◆ **Your goal**: In the copy, include exactly the lines from the one with "추석 연휴를 하루 앞둔" through the end of the data and no others, both ends kept, with every picture left out.

◆ **Data provided**:
|---|

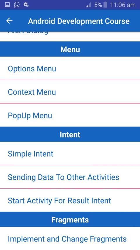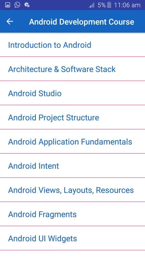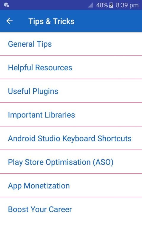 एप्लिकेशन बहुत उपयोगकर्ता के अनुकूल है उपयोगकर्ताओं के लिए Android सीखने के लिए बहुत कुछ करना। एप्लिकेशन को विभिन्न वर्गों में विभाजित किया गया है:
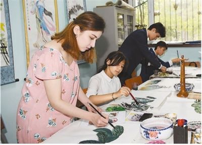 6月10日,學(xué)生在塔吉克斯坦民族大學(xué)孔子學(xué)院學(xué)習(xí)中國繪畫。新華社記者 沙達(dá)提攝
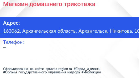 Магазин домашнего трикотажа по адресу 163062, Архангельская область, Архангельск, Никитова, 10 в дальнейшем Организация, размещена в следующих категориях:
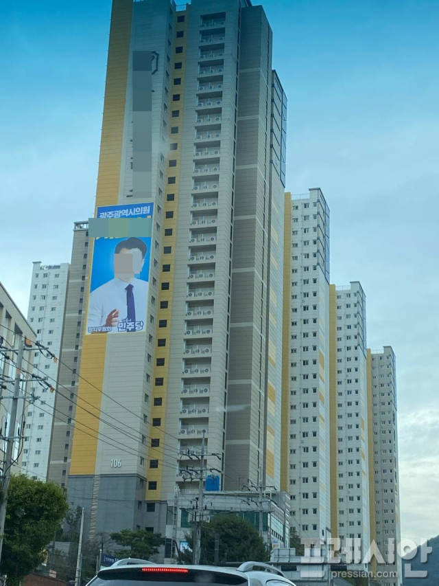 추석 연휴를 하루 앞둔 2일 광주 남구 주월동의 한 주상복합아파트 외벽에 S광주광역시의원의 대형 현수막이 걸려 주민들이 어리둥절했다.
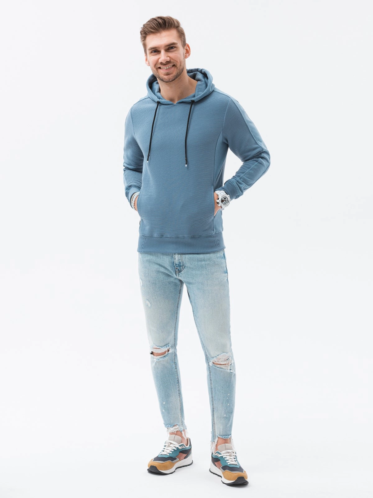 Opinie o Bluza męska z kapturem - niebieska B1155

|---|

◆ **The completed task**:
 추석 연휴를 하루 앞둔 2일 광주 남구 주월동의 한 주상복합아파트 외벽에 S광주광역시의원의 대형 현수막이 걸려 주민들이 어리둥절했다.
 Opinie o Bluza męska z kapturem - niebieska B1155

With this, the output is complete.